§ **Exercise description**: What is needed is an exact copy of the records below, minus any pictures.

--- --- ---

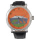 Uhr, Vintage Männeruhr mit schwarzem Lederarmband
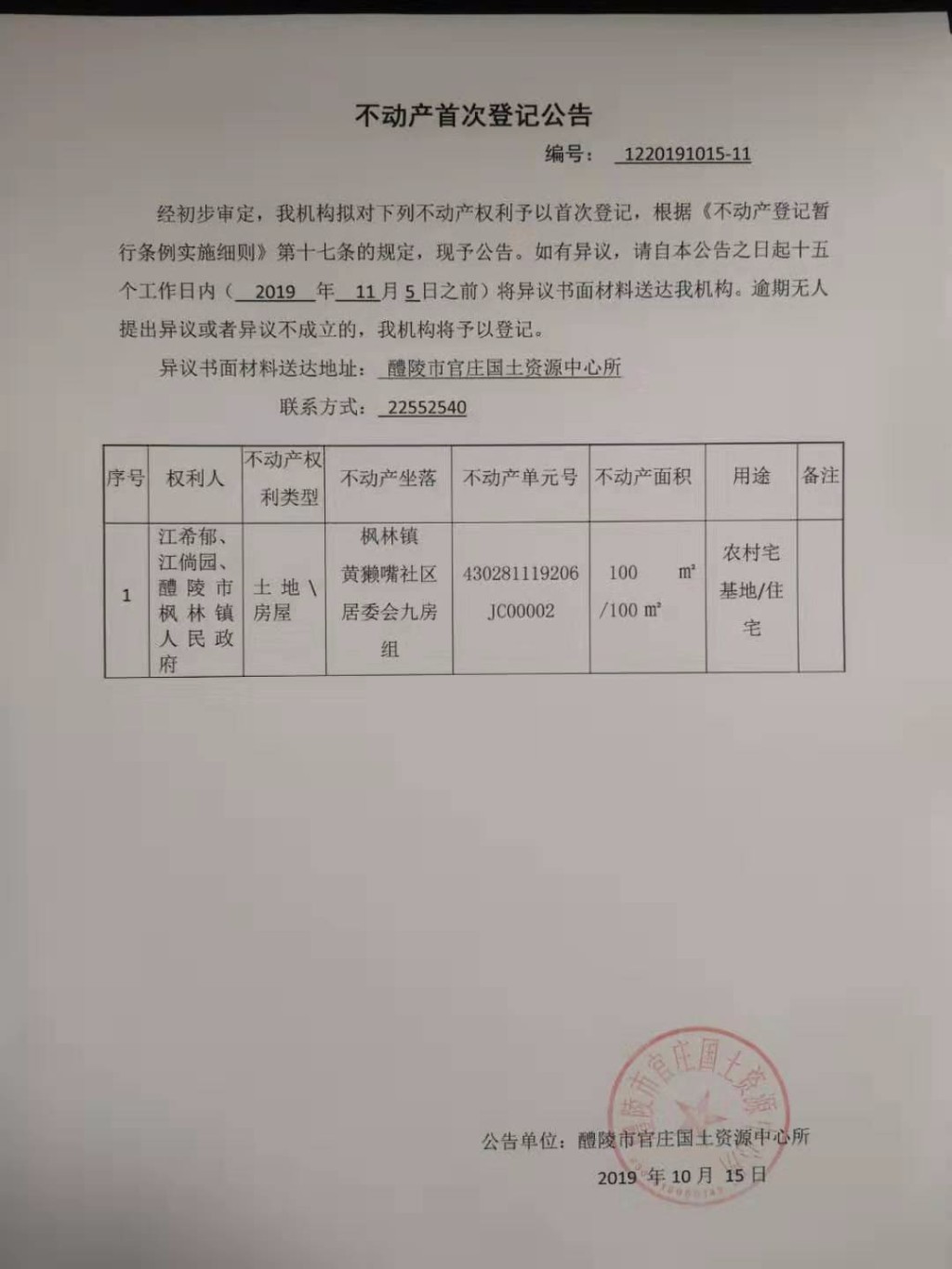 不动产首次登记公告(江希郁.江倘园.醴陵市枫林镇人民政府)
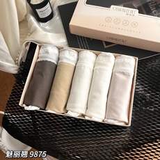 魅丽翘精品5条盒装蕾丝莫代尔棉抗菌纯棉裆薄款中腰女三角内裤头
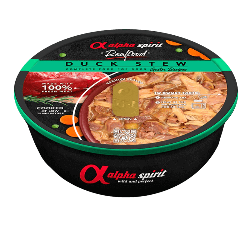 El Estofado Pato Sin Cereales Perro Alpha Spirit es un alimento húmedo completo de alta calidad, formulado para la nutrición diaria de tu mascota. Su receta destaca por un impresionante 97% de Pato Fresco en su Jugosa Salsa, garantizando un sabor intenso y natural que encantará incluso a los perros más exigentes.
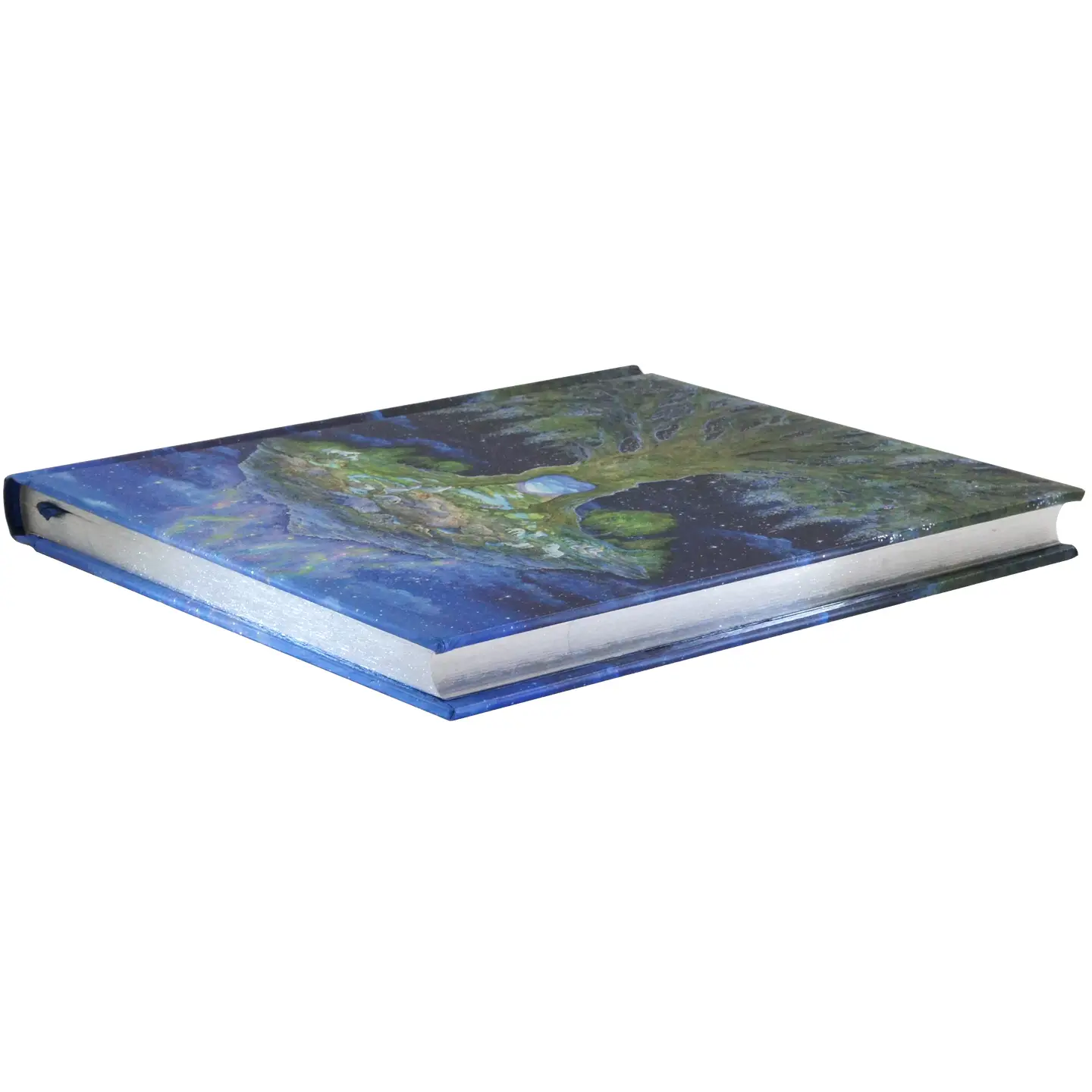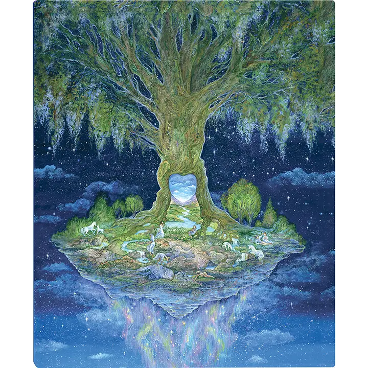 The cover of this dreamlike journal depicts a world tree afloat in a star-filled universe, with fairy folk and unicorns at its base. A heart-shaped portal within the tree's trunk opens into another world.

--- --- ---

§ **Task result**:
 Uhr, Vintage Männeruhr mit schwarzem Lederarmband
 不动产首次登记公告(江希郁.江倘园.醴陵市枫林镇人民政府)
 魅丽翘精品5条盒装蕾丝莫代尔棉抗菌纯棉裆薄款中腰女三角内裤头
 El Estofado Pato Sin Cereales Perro Alpha Spirit es un alimento húmedo completo de alta calidad, formulado para la nutrición diaria de tu mascota. Su receta destaca por un impresionante 97% de Pato Fresco en su Jugosa Salsa, garantizando un sabor intenso y natural que encantará incluso a los perros más exigentes.
 The cover of this dreamlike journal depicts a world tree afloat in a star-filled universe, with fairy folk and unicorns at its base. A heart-shaped portal within the tree's trunk opens into another world.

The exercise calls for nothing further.